There are also intriguing hints from the worldwide legal empowerment movement. The legal empowerment movement seeks to foster community solidarity through legal advocacy led by impacted groups who are not, and often can never be, lawyers. Community paralegals are impacted community members trained in law and social change who are not lawyers but remain in their communities to foster indigenous legal empowerment. Community-based paralegals do not assist lawyers but work directly with the communities they serve. Empowered community paralegals effectively change the institutional fabric of law, especially where they work not just for the poor but with other marginalized groups. And in a broader sense, research shows that nonlawyers can be at least as effective as lawyers in meeting clients' goals. Community paralegals around the world, like the nonlawyer advocates discussed above who have been studied in the United States and the U.K., do not just provide access to discrete legal remedies in courts--they promote active organizing outside the judicial system.

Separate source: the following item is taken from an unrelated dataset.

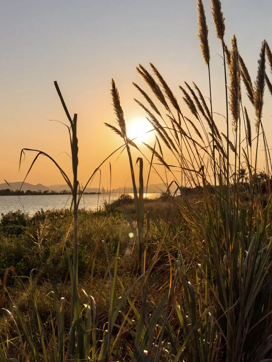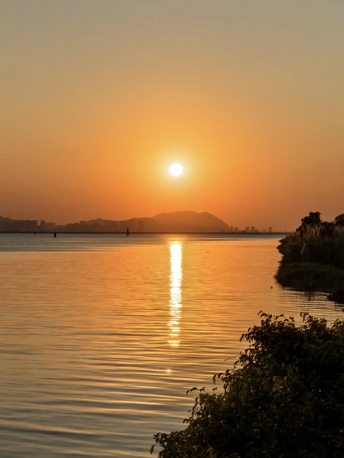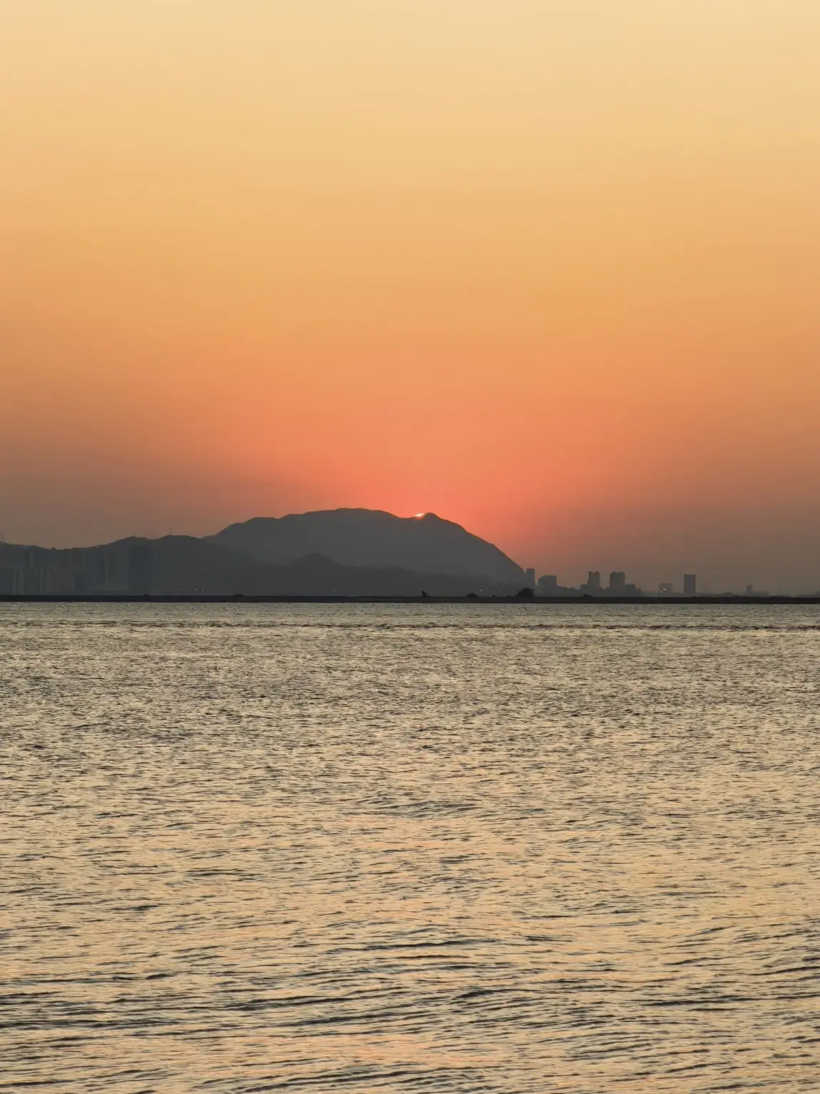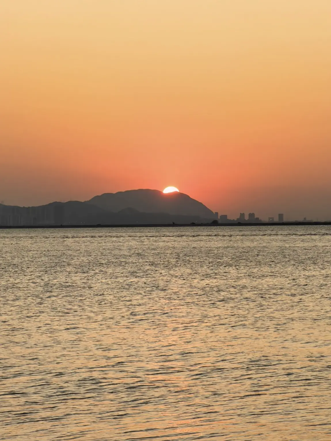 蹲十分钟,天沉成橘红,太阳露小半张脸时风都静了 —— 周围没喧闹人声,只有水鸟偶尔扑棱,我抱着相机坐长椅上,看太阳慢慢 “陷” 进山后,直到天边缘晕出浅粉,才惊觉自己在这儿赖了四十分钟。

Vivek Maru and Laura Goodwin found that clients receiving services from community paralegals often experience a positive change in their perception of agency. “Nearly ninety studies find positive impacts of legal empowerment programs on institutions--changes in law, policy or practice at various levels of administration.” Legal empowerment programs are defined by the direct capacity of citizens to exercise their rights without the need for elite expert services engage a wider range of societal institutions in problem-solving and are not narrowly focused on judicial remedies. The authors found that common legal empowerment strategies, including community mobilization, nonlawyer advocacy, mediation, and other forms of so-called “alternative” dispute resolution had positive effects on individual willingness to take individual and collective action. The evidence suggests that community paralegals have significant effects in “bring[ing] good laws to life,” and the involvement of community paralegals leads to successful outcomes in terms of remedy, entitlement, or access to governmental information. Legal empowerment strategies are “successful in improving health ... [and] learning and increasing income,” and in changing government institutions, especially the practices of authorities and agencies at the local level, as well as changes in policy at the national level.

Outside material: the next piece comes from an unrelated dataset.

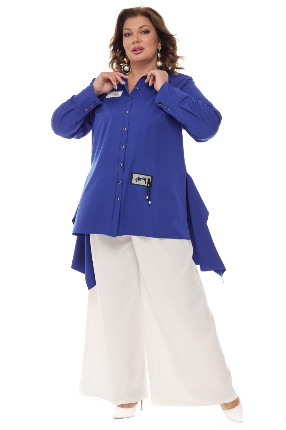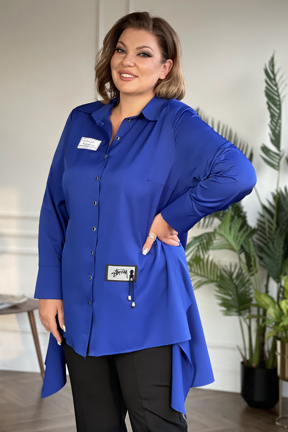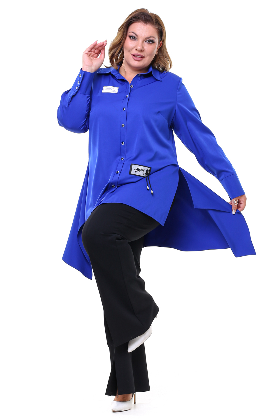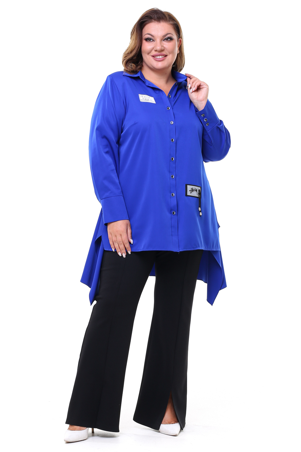 Рубашка с симметричной удлиненной спинкой электрик

The outside world has begun to notice the value of nonprofessional legal aides like the community paralegal. Access to justice is included in the United Nation's 2016 sustainable development goals, and, in 2018, the UN High-Level Commission on Legal Empowerment of the Poor called for the integration of legal empowerment, defined as “a process of systemic change through which the poor and excluded become able to use the law” in fighting global poverty.

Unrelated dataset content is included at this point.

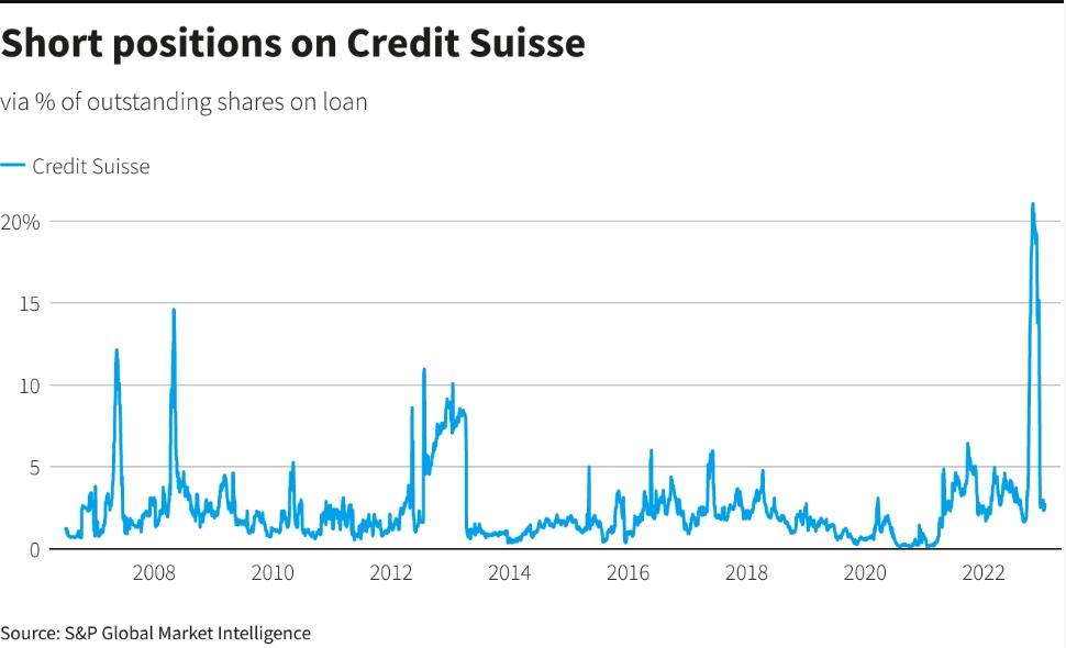 根据标普全球市场情报的数据,截至10月31日,对冲基金和其他投机者借入瑞信逾五分之一的股票进行做空,这是至少自2006年以来的最高水平。

Access to justice is about “people trying to recapture their rightful share of power over their ... futures.” Justice requires that undistorted voices be heard and collective grievances are addressed at their roots. Lawyers, whatever their marginal value for individual clients and their immediate causes, hinder social change on both efficacy and accountability measures because they divert attention to issues amenable to the legal process rather than what people really care about--they keep clients from realizing and developing their problem-solving abilities by turning over problems to societal elites. Lawyers suck the subversive energies and revolutionary spirit out of organic, grassroots movements. Most of the workings of justice occur outside the view of the judicial system. And even within the legal system, just action requires a holistic view of shared problem-solving. Lawyers, myself included, have not proven to have been up to that challenge. It is time to give others a chance.